▸ What you need to do: Write out exactly the lines of the entries below from the one holding "48 ซึ่งอยู่ห่างจากถนนหลักเพชรเกษมประมาณ 2.0" to the one holding "Первым символическим жестом", inclusive, and leave out all other lines.

▸ Data supplied:
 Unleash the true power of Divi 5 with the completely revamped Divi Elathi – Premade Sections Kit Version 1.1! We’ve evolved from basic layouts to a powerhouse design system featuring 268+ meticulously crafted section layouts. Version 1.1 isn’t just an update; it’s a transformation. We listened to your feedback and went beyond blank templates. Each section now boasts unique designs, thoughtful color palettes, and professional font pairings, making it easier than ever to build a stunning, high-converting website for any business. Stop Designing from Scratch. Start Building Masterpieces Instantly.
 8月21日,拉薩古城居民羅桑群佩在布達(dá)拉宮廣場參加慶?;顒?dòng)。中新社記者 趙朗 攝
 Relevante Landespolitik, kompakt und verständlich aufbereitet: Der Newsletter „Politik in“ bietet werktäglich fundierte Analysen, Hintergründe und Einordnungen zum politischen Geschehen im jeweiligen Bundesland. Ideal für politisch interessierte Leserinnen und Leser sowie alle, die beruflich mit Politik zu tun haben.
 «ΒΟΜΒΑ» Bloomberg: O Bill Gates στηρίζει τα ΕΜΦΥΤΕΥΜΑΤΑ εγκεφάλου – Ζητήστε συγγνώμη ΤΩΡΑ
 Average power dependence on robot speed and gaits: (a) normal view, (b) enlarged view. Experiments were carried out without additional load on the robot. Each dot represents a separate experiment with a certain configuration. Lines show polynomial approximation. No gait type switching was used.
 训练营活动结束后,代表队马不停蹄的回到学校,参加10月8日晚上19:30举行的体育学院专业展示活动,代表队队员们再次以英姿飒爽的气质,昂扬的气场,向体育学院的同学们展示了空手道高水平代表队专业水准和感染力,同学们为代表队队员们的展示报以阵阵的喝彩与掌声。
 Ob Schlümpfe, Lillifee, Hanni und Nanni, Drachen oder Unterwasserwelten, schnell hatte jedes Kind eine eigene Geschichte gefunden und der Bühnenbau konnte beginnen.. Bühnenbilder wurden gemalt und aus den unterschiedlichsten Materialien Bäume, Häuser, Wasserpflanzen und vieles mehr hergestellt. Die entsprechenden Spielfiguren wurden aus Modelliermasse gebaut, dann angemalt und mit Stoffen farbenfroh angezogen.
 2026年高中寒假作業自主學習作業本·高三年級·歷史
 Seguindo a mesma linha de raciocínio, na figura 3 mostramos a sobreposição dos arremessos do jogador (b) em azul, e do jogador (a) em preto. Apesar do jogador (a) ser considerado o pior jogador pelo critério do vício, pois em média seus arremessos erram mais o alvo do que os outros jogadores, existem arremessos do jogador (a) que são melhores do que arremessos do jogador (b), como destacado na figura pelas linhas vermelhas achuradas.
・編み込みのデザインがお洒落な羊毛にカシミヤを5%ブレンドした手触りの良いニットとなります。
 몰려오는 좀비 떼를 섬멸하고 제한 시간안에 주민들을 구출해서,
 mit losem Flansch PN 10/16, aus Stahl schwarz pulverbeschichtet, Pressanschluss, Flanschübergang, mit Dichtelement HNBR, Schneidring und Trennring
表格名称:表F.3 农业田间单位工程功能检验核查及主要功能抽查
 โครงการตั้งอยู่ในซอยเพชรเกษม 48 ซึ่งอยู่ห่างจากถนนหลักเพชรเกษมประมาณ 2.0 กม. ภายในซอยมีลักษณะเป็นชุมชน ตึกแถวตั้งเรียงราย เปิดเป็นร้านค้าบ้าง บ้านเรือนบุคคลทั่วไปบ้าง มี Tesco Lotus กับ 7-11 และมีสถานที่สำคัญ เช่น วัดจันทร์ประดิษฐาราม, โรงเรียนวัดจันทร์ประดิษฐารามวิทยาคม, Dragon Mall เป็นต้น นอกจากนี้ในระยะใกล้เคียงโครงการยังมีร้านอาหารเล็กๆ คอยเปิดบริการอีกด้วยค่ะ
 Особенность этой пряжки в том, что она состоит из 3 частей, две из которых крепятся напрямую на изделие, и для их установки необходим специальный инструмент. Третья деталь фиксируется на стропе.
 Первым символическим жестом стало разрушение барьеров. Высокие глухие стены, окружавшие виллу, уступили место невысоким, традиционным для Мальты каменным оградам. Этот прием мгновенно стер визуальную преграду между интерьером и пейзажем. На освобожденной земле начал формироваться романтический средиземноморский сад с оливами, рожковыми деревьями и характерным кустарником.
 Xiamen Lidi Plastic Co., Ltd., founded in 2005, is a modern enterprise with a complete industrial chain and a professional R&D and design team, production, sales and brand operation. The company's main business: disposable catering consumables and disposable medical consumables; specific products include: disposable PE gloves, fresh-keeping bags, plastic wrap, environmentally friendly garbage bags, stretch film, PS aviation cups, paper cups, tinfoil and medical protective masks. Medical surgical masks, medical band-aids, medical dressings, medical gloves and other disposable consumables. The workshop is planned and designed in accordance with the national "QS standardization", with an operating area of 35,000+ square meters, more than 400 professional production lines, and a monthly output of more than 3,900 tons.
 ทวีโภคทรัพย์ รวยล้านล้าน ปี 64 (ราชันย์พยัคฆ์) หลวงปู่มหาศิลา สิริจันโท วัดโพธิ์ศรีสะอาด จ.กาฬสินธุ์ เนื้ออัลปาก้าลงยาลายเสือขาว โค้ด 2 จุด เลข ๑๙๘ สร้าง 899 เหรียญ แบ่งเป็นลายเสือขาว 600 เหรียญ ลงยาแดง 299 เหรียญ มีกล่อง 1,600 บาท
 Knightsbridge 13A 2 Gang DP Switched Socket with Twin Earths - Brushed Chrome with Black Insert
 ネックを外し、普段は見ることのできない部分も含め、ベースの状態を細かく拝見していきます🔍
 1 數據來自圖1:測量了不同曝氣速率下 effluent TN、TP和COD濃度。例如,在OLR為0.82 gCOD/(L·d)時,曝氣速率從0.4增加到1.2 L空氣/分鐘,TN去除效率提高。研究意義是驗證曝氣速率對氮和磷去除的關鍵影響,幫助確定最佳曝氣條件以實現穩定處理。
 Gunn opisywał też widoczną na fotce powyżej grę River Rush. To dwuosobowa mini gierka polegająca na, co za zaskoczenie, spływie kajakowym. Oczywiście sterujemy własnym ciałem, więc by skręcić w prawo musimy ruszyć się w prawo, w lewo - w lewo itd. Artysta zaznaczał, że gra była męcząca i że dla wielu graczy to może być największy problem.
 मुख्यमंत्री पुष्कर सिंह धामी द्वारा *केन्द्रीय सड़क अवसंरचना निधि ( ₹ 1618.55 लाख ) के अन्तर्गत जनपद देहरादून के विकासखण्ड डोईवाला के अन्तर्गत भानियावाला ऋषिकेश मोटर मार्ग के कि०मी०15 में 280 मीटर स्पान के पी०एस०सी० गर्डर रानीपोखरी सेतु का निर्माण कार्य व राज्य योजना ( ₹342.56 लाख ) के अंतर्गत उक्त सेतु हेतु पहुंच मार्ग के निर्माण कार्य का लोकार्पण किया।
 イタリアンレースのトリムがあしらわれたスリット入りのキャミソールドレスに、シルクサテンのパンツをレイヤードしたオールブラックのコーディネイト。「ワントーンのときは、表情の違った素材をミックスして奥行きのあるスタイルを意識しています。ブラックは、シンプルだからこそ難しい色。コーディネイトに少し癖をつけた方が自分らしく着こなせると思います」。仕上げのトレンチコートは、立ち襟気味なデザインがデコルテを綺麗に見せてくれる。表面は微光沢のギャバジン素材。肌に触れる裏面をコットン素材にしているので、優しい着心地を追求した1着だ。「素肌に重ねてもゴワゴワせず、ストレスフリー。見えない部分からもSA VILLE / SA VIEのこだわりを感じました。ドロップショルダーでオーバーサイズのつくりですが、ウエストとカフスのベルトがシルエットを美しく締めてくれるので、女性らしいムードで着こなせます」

▸ Result of the exercise:
 โครงการตั้งอยู่ในซอยเพชรเกษม 48 ซึ่งอยู่ห่างจากถนนหลักเพชรเกษมประมาณ 2.0 กม. ภายในซอยมีลักษณะเป็นชุมชน ตึกแถวตั้งเรียงราย เปิดเป็นร้านค้าบ้าง บ้านเรือนบุคคลทั่วไปบ้าง มี Tesco Lotus กับ 7-11 และมีสถานที่สำคัญ เช่น วัดจันทร์ประดิษฐาราม, โรงเรียนวัดจันทร์ประดิษฐารามวิทยาคม, Dragon Mall เป็นต้น นอกจากนี้ในระยะใกล้เคียงโครงการยังมีร้านอาหารเล็กๆ คอยเปิดบริการอีกด้วยค่ะ
 Особенность этой пряжки в том, что она состоит из 3 частей, две из которых крепятся напрямую на изделие, и для их установки необходим специальный инструмент. Третья деталь фиксируется на стропе.
 Первым символическим жестом стало разрушение барьеров. Высокие глухие стены, окружавшие виллу, уступили место невысоким, традиционным для Мальты каменным оградам. Этот прием мгновенно стер визуальную преграду между интерьером и пейзажем. На освобожденной земле начал формироваться романтический средиземноморский сад с оливами, рожковыми деревьями и характерным кустарником.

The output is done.